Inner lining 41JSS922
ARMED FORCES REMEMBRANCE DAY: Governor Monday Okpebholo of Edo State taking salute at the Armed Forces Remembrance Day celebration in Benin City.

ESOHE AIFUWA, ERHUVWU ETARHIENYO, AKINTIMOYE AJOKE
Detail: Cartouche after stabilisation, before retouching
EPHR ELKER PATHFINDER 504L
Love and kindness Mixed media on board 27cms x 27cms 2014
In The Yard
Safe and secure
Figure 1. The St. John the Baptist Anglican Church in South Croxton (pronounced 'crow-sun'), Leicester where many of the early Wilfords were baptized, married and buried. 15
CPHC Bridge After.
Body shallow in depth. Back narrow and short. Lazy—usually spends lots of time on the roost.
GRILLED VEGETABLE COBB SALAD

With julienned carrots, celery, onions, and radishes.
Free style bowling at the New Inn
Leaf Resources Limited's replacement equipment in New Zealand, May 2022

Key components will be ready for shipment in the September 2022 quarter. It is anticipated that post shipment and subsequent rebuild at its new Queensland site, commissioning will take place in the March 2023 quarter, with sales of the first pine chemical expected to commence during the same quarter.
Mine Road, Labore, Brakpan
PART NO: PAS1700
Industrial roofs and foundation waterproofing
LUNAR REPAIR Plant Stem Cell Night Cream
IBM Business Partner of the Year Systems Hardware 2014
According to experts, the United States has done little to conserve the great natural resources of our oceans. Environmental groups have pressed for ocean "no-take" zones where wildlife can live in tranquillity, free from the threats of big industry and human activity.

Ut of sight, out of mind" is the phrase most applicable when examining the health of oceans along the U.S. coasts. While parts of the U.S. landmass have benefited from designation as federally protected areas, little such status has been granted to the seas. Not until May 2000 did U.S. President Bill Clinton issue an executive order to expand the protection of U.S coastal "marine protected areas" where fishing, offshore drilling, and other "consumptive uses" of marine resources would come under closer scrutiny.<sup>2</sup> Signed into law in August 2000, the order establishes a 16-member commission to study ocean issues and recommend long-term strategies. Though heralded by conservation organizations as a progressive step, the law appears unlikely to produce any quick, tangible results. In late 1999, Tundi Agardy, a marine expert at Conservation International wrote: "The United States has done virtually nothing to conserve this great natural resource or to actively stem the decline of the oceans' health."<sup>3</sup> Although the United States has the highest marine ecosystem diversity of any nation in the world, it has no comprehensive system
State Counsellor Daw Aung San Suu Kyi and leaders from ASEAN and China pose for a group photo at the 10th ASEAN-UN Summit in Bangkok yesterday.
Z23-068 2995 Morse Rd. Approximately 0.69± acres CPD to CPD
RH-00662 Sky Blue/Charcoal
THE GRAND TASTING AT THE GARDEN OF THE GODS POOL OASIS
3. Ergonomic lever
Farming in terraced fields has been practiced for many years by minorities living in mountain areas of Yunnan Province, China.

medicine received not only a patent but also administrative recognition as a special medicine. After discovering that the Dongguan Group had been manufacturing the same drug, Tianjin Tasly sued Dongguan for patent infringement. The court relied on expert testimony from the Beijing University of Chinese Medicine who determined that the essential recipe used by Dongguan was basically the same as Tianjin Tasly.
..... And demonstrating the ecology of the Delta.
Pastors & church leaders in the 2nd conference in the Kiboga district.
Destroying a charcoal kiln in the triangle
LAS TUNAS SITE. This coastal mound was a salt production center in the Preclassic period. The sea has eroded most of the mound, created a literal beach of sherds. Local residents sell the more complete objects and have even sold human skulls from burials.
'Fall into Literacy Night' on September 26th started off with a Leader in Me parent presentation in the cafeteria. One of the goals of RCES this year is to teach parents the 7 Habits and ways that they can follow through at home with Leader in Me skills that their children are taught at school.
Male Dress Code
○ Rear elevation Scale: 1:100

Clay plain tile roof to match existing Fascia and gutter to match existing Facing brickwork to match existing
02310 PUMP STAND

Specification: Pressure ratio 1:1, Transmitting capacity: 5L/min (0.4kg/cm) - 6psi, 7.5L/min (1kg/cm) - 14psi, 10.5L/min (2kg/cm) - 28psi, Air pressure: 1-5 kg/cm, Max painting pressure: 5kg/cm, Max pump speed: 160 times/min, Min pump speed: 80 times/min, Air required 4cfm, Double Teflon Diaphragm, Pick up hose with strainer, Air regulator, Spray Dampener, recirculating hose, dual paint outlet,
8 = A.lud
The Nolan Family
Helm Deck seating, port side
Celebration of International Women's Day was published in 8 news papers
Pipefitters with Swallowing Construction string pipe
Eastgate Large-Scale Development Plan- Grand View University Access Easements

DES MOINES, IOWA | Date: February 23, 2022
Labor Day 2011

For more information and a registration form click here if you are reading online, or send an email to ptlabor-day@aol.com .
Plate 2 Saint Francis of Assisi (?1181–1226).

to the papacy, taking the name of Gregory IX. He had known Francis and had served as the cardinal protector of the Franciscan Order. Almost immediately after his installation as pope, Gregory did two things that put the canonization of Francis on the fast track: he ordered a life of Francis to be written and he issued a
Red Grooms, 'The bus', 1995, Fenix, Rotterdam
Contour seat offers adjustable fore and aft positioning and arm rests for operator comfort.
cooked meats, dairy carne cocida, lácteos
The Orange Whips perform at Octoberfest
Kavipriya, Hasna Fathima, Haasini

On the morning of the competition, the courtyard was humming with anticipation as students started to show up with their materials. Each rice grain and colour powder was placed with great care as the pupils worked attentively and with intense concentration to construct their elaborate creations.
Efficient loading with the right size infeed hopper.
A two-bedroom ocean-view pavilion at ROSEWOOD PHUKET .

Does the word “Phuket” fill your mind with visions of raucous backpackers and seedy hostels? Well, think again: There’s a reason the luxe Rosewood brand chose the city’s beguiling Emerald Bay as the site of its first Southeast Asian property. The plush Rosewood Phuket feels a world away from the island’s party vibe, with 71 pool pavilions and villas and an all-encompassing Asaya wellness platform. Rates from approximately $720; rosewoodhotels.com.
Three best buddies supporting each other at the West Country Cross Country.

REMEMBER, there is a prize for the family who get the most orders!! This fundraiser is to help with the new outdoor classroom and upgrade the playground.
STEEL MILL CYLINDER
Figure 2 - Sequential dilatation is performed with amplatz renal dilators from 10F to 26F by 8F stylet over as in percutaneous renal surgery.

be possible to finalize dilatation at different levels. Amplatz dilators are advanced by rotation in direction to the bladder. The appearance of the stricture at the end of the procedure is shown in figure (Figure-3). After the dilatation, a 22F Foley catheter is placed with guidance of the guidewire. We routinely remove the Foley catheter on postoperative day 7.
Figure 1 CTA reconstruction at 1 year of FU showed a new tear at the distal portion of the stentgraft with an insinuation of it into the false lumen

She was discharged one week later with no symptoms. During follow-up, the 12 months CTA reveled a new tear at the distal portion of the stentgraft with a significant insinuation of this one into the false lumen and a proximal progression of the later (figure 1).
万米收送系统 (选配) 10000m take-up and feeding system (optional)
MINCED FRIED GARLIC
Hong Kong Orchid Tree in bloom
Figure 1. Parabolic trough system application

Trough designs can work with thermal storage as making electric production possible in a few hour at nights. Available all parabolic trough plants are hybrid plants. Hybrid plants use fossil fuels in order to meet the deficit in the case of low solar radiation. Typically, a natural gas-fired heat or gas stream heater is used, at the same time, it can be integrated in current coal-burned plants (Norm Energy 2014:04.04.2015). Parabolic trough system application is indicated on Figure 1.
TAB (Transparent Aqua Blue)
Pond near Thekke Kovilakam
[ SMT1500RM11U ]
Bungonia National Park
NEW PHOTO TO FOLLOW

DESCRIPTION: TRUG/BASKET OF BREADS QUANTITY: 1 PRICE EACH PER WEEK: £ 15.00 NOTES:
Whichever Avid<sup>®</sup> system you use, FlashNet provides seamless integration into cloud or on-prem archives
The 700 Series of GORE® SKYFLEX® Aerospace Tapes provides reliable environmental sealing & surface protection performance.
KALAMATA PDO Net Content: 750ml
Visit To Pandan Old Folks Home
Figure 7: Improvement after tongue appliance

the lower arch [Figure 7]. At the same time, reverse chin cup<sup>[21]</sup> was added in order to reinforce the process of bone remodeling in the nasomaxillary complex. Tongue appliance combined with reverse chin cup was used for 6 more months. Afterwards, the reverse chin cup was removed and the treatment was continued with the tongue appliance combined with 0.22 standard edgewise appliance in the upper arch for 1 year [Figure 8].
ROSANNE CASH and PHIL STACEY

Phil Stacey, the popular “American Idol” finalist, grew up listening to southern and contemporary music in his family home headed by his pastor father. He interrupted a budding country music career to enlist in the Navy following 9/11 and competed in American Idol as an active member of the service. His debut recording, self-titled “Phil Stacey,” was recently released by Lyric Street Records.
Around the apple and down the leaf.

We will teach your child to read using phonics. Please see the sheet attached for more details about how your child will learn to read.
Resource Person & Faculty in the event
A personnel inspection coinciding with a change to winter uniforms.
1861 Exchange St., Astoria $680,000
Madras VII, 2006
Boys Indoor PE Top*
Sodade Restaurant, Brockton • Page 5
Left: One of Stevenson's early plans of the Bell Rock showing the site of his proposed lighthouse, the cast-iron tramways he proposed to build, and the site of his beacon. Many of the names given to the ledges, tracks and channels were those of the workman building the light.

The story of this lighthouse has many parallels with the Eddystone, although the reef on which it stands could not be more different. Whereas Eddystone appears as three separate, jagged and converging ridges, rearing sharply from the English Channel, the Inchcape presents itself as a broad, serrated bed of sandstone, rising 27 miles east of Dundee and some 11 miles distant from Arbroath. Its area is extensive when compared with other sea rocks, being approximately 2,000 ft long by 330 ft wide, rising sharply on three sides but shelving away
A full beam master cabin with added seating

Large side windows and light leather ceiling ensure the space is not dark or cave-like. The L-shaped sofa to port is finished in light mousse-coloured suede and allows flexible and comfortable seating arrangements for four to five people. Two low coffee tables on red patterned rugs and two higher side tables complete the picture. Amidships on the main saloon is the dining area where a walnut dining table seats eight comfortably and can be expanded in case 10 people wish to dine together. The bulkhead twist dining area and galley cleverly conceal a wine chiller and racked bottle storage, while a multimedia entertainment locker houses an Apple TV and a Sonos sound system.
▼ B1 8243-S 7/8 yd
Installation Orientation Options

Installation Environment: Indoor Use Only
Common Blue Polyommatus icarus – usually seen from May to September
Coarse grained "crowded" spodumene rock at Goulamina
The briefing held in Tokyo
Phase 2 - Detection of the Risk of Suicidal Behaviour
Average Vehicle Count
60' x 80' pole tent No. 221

Problem description: Of the lines above, retype only those from the line containing "The Nolan Family" through the line containing "A two-bedroom ocean-view", including both, exactly.

Finished task:
The Nolan Family
Helm Deck seating, port side
Celebration of International Women's Day was published in 8 news papers
Pipefitters with Swallowing Construction string pipe
Eastgate Large-Scale Development Plan- Grand View University Access Easements

DES MOINES, IOWA | Date: February 23, 2022
Labor Day 2011

For more information and a registration form click here if you are reading online, or send an email to ptlabor-day@aol.com .
Plate 2 Saint Francis of Assisi (?1181–1226).

to the papacy, taking the name of Gregory IX. He had known Francis and had served as the cardinal protector of the Franciscan Order. Almost immediately after his installation as pope, Gregory did two things that put the canonization of Francis on the fast track: he ordered a life of Francis to be written and he issued a
Red Grooms, 'The bus', 1995, Fenix, Rotterdam
Contour seat offers adjustable fore and aft positioning and arm rests for operator comfort.
cooked meats, dairy carne cocida, lácteos
The Orange Whips perform at Octoberfest
Kavipriya, Hasna Fathima, Haasini

On the morning of the competition, the courtyard was humming with anticipation as students started to show up with their materials. Each rice grain and colour powder was placed with great care as the pupils worked attentively and with intense concentration to construct their elaborate creations.
Efficient loading with the right size infeed hopper.
A two-bedroom ocean-view pavilion at ROSEWOOD PHUKET .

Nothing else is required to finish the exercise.